I've got mixed feelings about this. Reston has clearly done his research. He credits a number of Spanish and Portuguese experts on the period, and uses quite a few contemporaneous sources. Excellent. He's fairly even-handed in representing the perspectives of the Jewish, Muslim and Catholic players of the time, and uses excerpts from scriptural passages sensitively, so we get a feeling for their faiths as motivating force and consoling influence. Very Good.

The factual content is absorbing, and much of it was new to me. I was taught by Dominican priests and nuns, and never knew that members of their order were the first inquisitors. There were descriptions of 15th century water-boarding. I found similarities to the 'thought police' of Chinese society under Mao, and East Germany under the Stasi, and was reminded that human nature doesn't change. Reston made me think about group behaviour, systems of government, abuses of power and the power of religion: all still very relevant.

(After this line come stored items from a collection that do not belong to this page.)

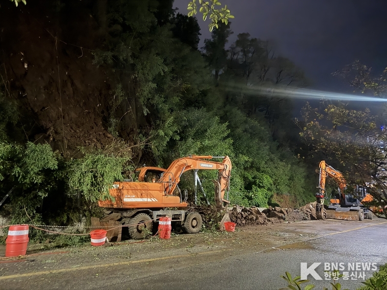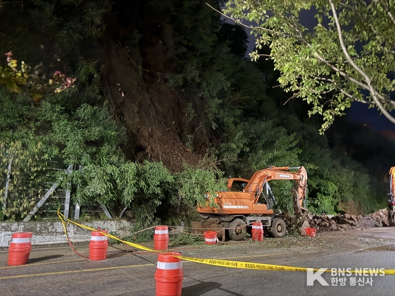본지 취재진이 10월 24일 저녁 현장을 확인한 결과, 도로 한편은 “낙석위험 – 출입을 통제합니다”라는 안내 표지와 함께 삼척시청 안전관리과 명의의 통제선이 설치되어 있었고, 양쪽에는 굴착기(포크레인) 2대가 투입돼 토사 제거 작업을 진행하다가 멈춰있는 상태였다.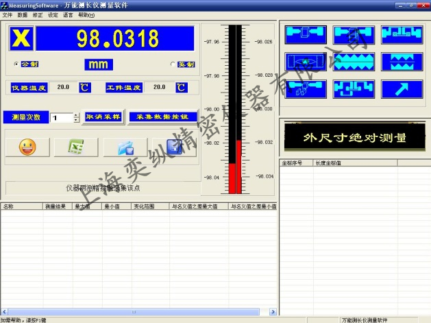 6測量準(zhǔn)確度:外尺寸絕對測量時(shí)、儀器準(zhǔn)確度: ≤(0.5+L/200)μm(20℃±0.2℃溫度下)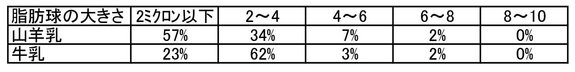 次に、山羊乳は消化が良くおなかに優しいという特徴があります。以下の図のように牛乳に比べて脂肪球が小さく、消化に要する時間が牛乳が60時間に対して山羊乳は24時間とのデータがあります。赤ちゃんから高齢の方、体が衰弱した方などにもやさしいミルクです。

But he needed an editor. There were a number of annoying sweeping statements and emotive assertions and generalisations. I imagine he wanted this to be accessible to a 21st century audience, but some of his idioms were incongruous. And inconsistencies and redundancies, eg. describing Queen Isabella as 'gushing enthusiastically' really distracted from the content. And he referred to Richard III as though Shakespeare's portrayal were historically accurate! Perhaps I'm being pedantic, but that kind of thing detracts from the overall effect of the work. Some more time with a good editor would have tightened up his prose and given it a more measured tone. And perhaps this would have made a good article or two, rather than a book.

In general, I'm disappointed. But he certainly makes me want to read more about the period. Maybe two and a half stars?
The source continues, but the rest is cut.